When you fork you get a new address space, so there is no "overlay". Note that fork() and the exec() family affect the entire process, not only the thread from which they where called. When you call fork() in a multi-threaded process, the child gets a copy of that process, but with only the calling thread. Then if you call exec() in one or both of the processes (presumably only in the child process, but that's up to you), then the process which calls exec() (and with it, all its threads) is replaced by the exec()'ed program.
The thread scheduling order is decided by the OS scheduler, there is no guarantee given about any particular order.

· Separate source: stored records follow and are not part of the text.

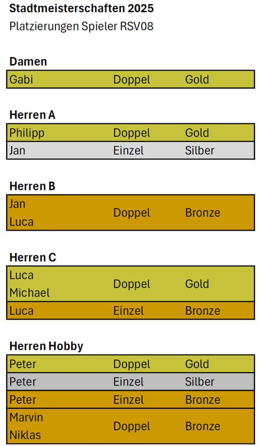 Am Ende durfte sich der RSV08 über viele Podestplätze freuen. Die Stadtmeisterschaften waren ein voller Erfolg und haben gezeigt, dass der Tischtennissport in Langenfeld lebendig und attraktiv ist. Ein großer Danke gilt den Organisatoren, Helfer/innen vom SSV Berghausen für die Ausrichtung, sowie allen Spielerinnen und Spielern für ihre Teilnahme.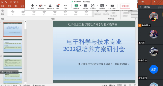 2022年3月23日,电科教研室召开了2022级电子科学与技术专业培养方案修订线上研讨会,会议由专业负责人谢新文老师主持,电科教研室全体教师参加了会议。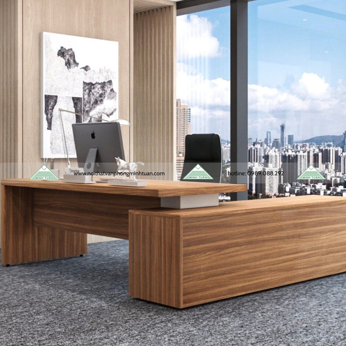 - Bàn giám đốc có 1 tủ phụ liền (2 khoang cánh mở, 1 khoang 3 ngăn kéo, 1 khoang để CPU. Gỗ MFC. Mặt và chân dày 50mm. Yếm dày 25mm.
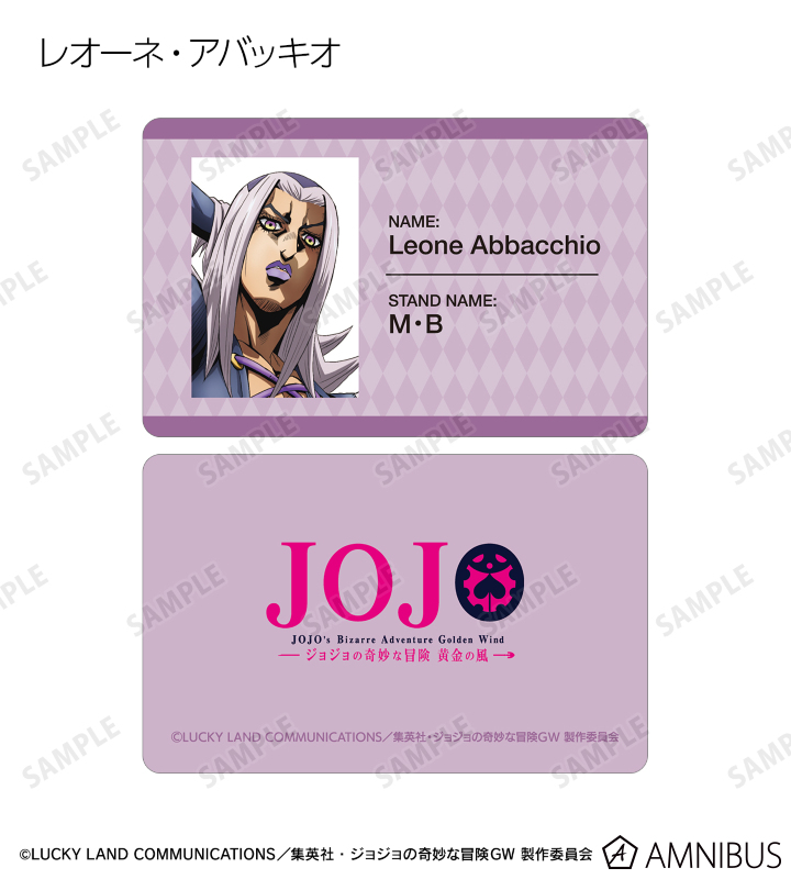 ジョルノ・ジョバァーナ、ブローノ・ブチャラティ、グイード・ミスタ、ナランチャ・ギルガ、レオーネ・アバッキオ、パンナコッタ・フーゴ、トリッシュ・ウナ、ディアボロのイラスト、キャラクターの名前、スタンド名をプラスチックカードに仕上げました。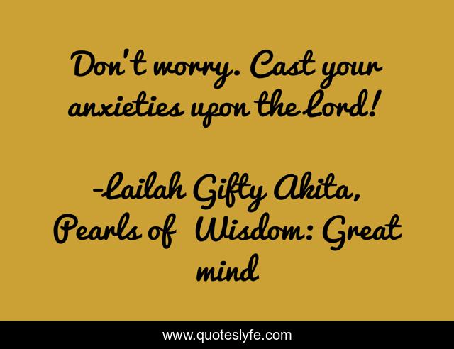 "Lailah Gifty Akita, Pearls of Wisdom: Great mind Quotes." Quoteslyfe.com, 2025. Sun. 07 Dec. 2025. <https://www.quoteslyfe.com/quote/Don-t-worry-Cast-your-anxieties-upon-130431>.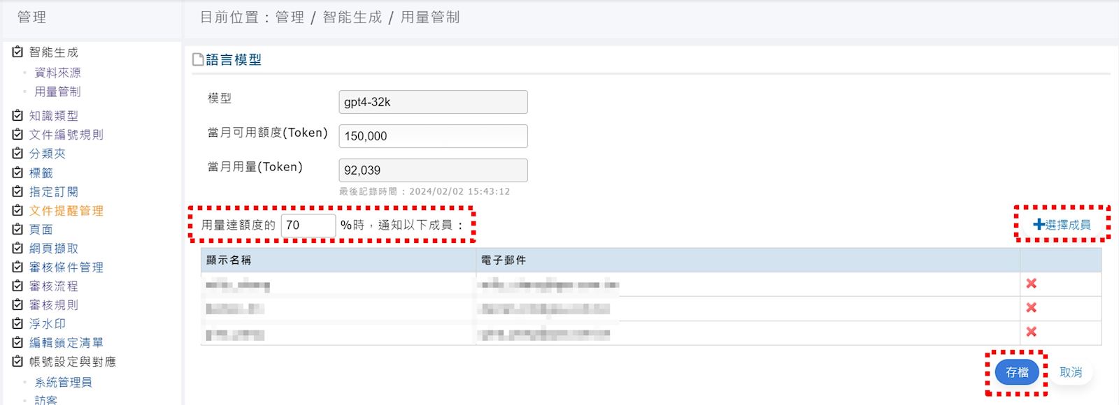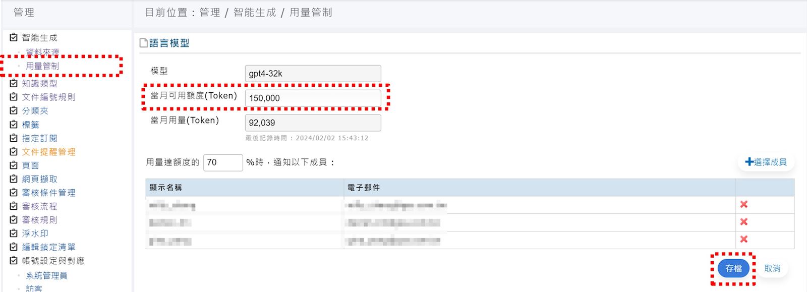 1. 請至【管理】>【智能生成>用量管制】。此處可看到【模型】、【當月用量】,輸入【當月可用額】度來設定上限。請點選【存檔】以套用設定。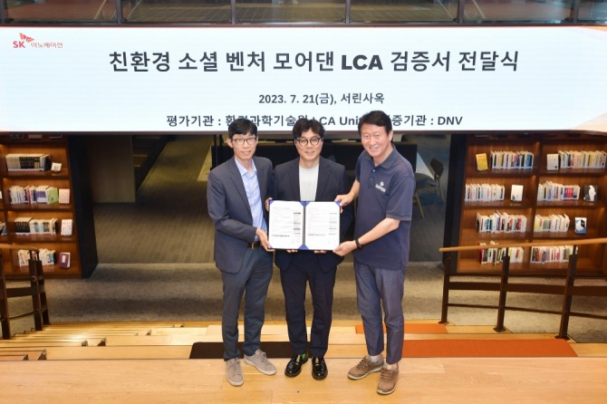 이미지 확대보기SK이노베이션은 서울 종로구에 있는 SK서린빌딩에서 소셜벤처 ‘모어댄’의 업사이클링 제품 전과정평가결과에 대한 제 3자 검증서 수여식을 가졌다고 21일 밝혔다.

From the kernel perspective a process is an address space with one or more threads (and some other gunk). There is no concept of threads that somehow exist without a process.

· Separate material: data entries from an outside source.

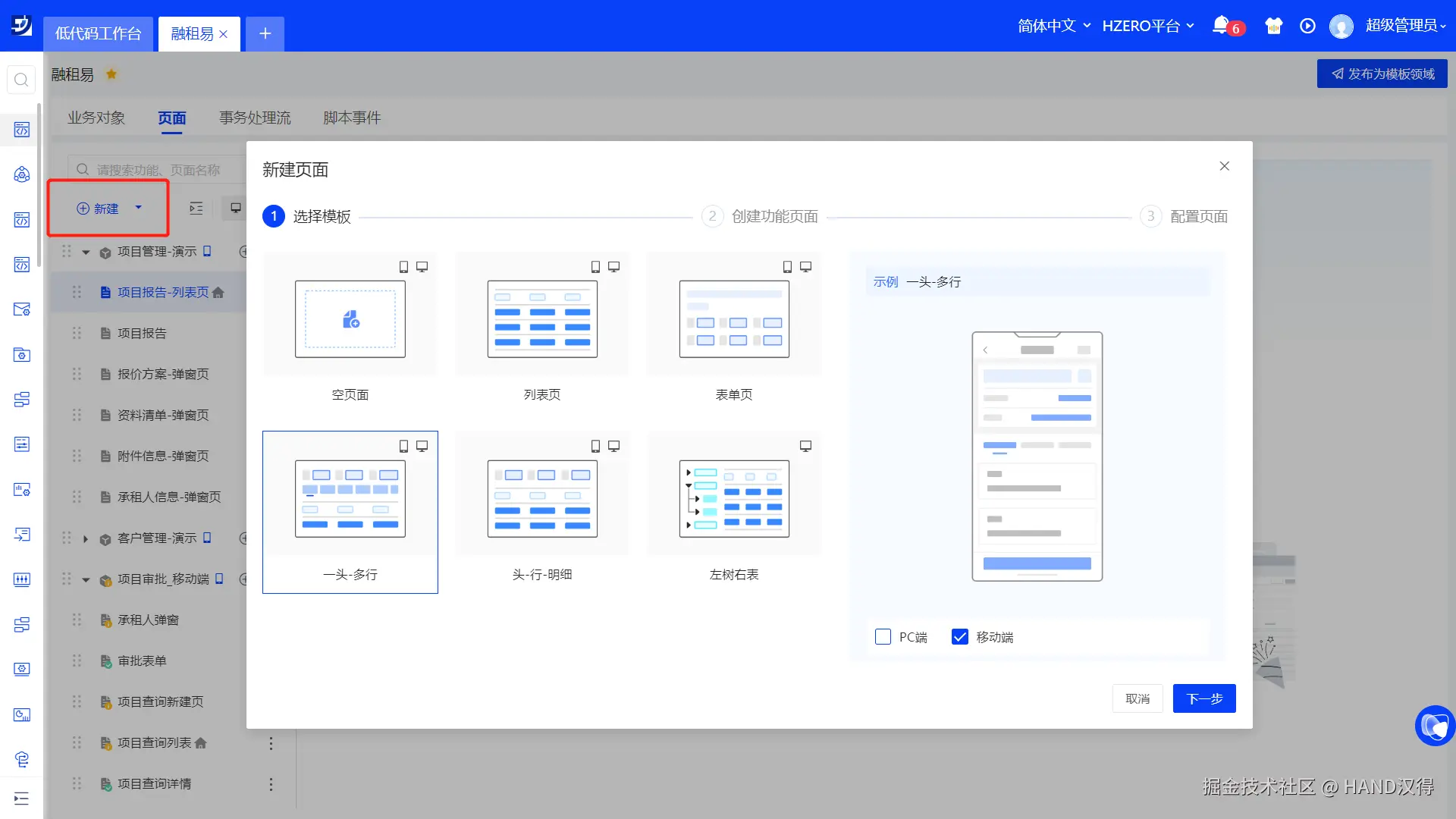 功能列表页点击【新建】按钮,当前选择移动端一头-多行模板,点击下一步;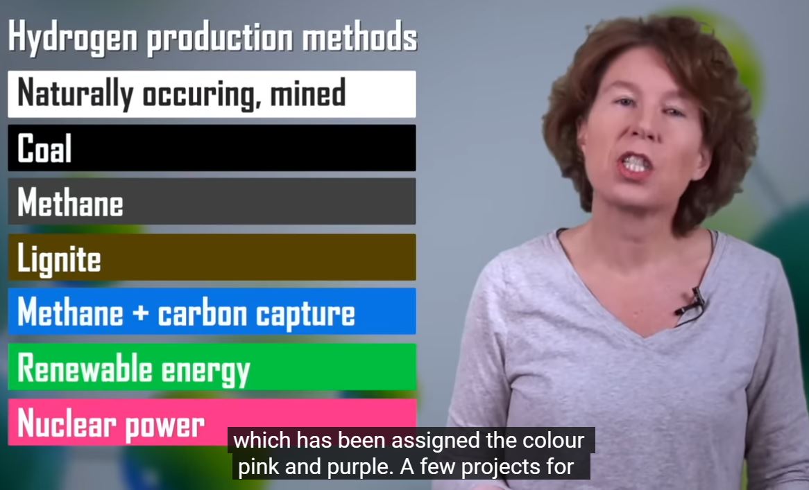 - Grå: Spjälkning av metan med utsläpp av separerad CO₂, den mest ekonomiska metoden.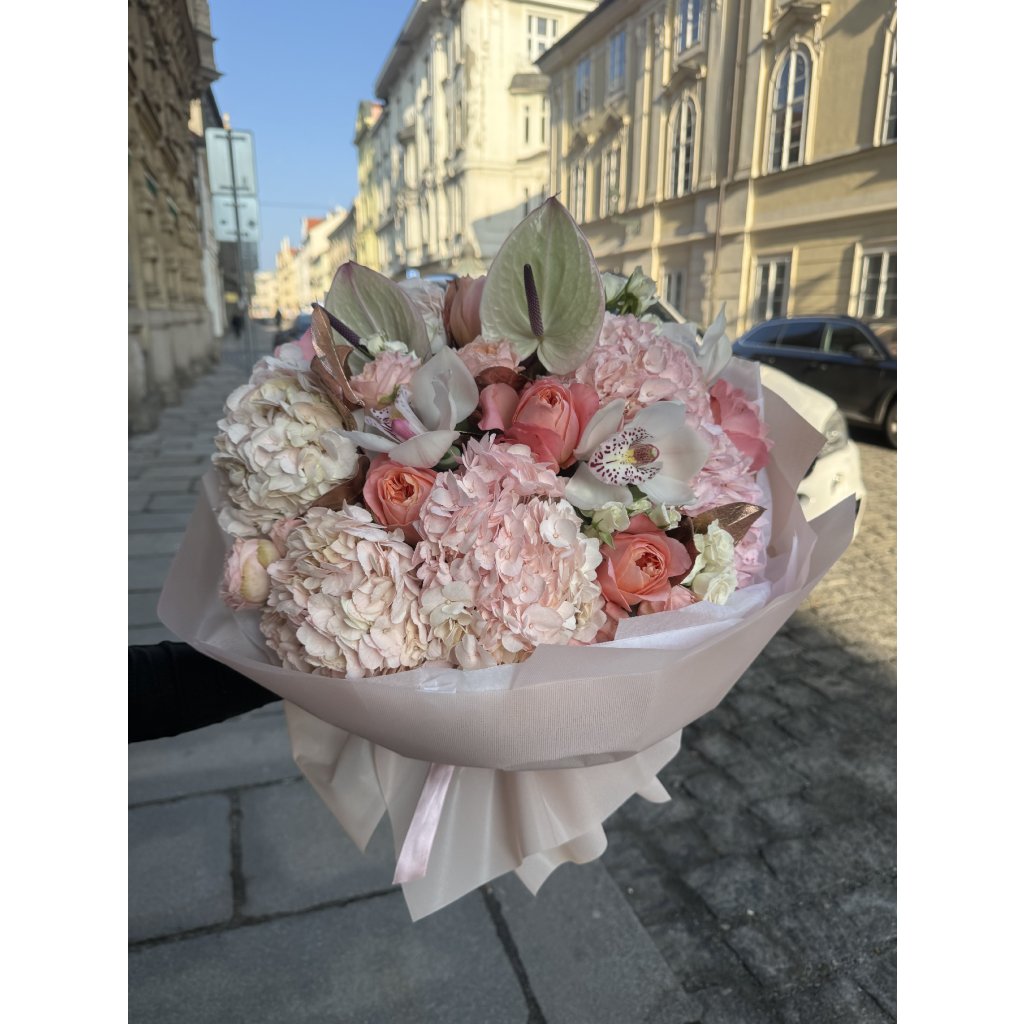 Luxusní kytice laděná do světlých tónů – najdete v ní vzdušné hortenzie, elegantní anturie a jemně vrstvené pivoňkové růže, které připomínají krajku. Nadčasové a přitom neokoukané spojení pro milovníky originálních květin.Vhodná jako svatební dar, pro výjimečné události nebo pro náročnější obdarované.

There is no such thing as a process without a single thread. A "plain process" is just a process with a single thread.
Probably yes. This is determined by the OS scheduler. Note that there are API's and tools (numactl) that one can use to force some thread(s) to run on a specific CPU core.
Assuming your questions are about POSIX threads, then
1a. A process that's preempted by the O/S will have all its threads preempted.
1b. The O/S will suspend all the threads of a process that is sent a SIGSTOP.
The O/S will resume all thread of a suspended process that is sent a SIGCONT.
By default, a SIGINT will terminate all the threads in a process.
If a thread calls fork(), then all its threads are duplicated. If it then call one of the exec() functions, then all the duplicated threads disappear.
POSIX allows for user-selection of the thread scheduling algorithm.
I don't understand the question.
I don't understand the question.
How threads are mapped to CPU-s is implementation-dependent. Many implementations will try to distribute threads amongst the available CPU-s to improve performance.
The Linux kernel doesn't distinguish between threads and processes. As far as kernel is concerned, a thread is simply another process which happens to share address space with other processes. (You would call the set of "processes" (i.e. threads) which share a single address space a "process".)
So POSIX threads are scheduled exactly as full-blown processes would be. There is no difference in scheduling whether you have one process with five threads, or five separate processes.
There are kernel calls that provide fine grained control over what is shared between processes. The POSIX threads API wraps over them.